Born in Los Angeles, California, Bruce graduated from Hollywood High School at the age of 16 and then from Pomona College with a double major in history and government. He earned a Juris Doctor from the USC Gould School of Law in 1973 and worked as a Los Angeles County deputy district attorney from 1973 to 1979, resigning amid frustration with the court system.

== Career ==
In 1980, Bruce ran a largely self-financed campaign for the California State Assembly, running in the Democratic Primary for the 38th Assembly district, which, at that time, centered on Pacific Palisades and Malibu. Running with the campaign slogan "Specifics, Not Safe Generalities," Bruce ran what a local newspaper described as "something of an anomaly, a law and order primary campaign by a Democrat." Bruce lost by five percentage points in a high-turnout primary. His opponent, Steven Afriat, narrowly lost the general election to Republican Marian W. La Follette.

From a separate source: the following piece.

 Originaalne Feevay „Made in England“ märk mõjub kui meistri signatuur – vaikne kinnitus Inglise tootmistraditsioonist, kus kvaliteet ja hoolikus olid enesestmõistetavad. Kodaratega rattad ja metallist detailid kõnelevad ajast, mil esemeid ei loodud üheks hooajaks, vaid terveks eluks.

===Move to Colorado and rental properties===

During the late 1970s, Bruce acquired a number of rental properties in the Los Angeles area, which he managed full-time after leaving the district attorney's office. During the late 1970s and early 1980s, Bruce was embroiled in several protracted tax disputes with the Internal Revenue Service. In 1986, Bruce acquired several properties in Colorado Springs and moved to Colorado permanently. Shortly before moving to Colorado, Bruce changed his political party affiliation from Democrat to Republican.

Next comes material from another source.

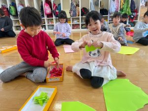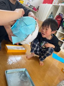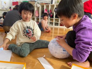 おひさまぐみさんたちは鬼のお面製作で、張り子に挑戦しましたよ!!

In addition to his Colorado Springs properties, Bruce acquired rental properties in Denver and Pueblo, Colorado. He has been cited repeatedly by law and code enforcement officials regarding the upkeep of his properties, although most of the dozens of citations brought against him have been overturned. In connection with charge of operating an unsafe building, Bruce spent eight days in jail in 1995 on a contempt of court citation.
In response to the numerous complaints filed against him, Bruce has questioned the constitutionality of city code provisions, and accused city officials of selective prosecution and carrying out a "vendetta" against him personally.

In 2003, Bruce announced that he intended to sell his rental properties in order to devote more time to political activism, but was cited by Colorado Springs for keeping dilapidated properties as recently as 2007. In 2008, Bruce was cited by Colorado Springs for two properties they considered "dilapidated," in part because of windows boarded up under orders from the city, but the charges were ultimately dropped when Bruce sold the buildings. Shortly before his August 2008 legislative primary, Colorado Springs declared a four-plex owned by Bruce as "dilapidated;" Bruce responded that he had put money into repairing the building and readying it for sale. In early 2010, Colorado Springs told Bruce that it would charge him $40,000 to restart water service at seven of his rental properties, a charge that Bruce said amounted to political retaliation, but that city staff justified by noting all of the properties had been abandoned.

===Taxpayer's Bill of Rights===

Although similar tax-limitation measures had been rejected by voters over the previous decades, in 1988, Bruce authored and led the campaign that was eventually successful in enacting TABOR, a "Taxpayer Bill of Rights," in Colorado. Among other provisions, TABOR mandated voter approval of any tax increases and constrained state government spending to grow at a rate no greater than the rates of population growth and inflation. Although TABOR did not pass in 1988, garnering only 42% of the vote in a statewide reference, Bruce revised the measure and it was placed on the ballot again in 1990, when it received 49% support. A third attempt in 1992 was successful, and TABOR was passed with 54% of the vote and became part of Colorado's constitution. In 1997, TABOR's restrictions on state spending were triggered for the first time, resulting in refunds to taxpayers.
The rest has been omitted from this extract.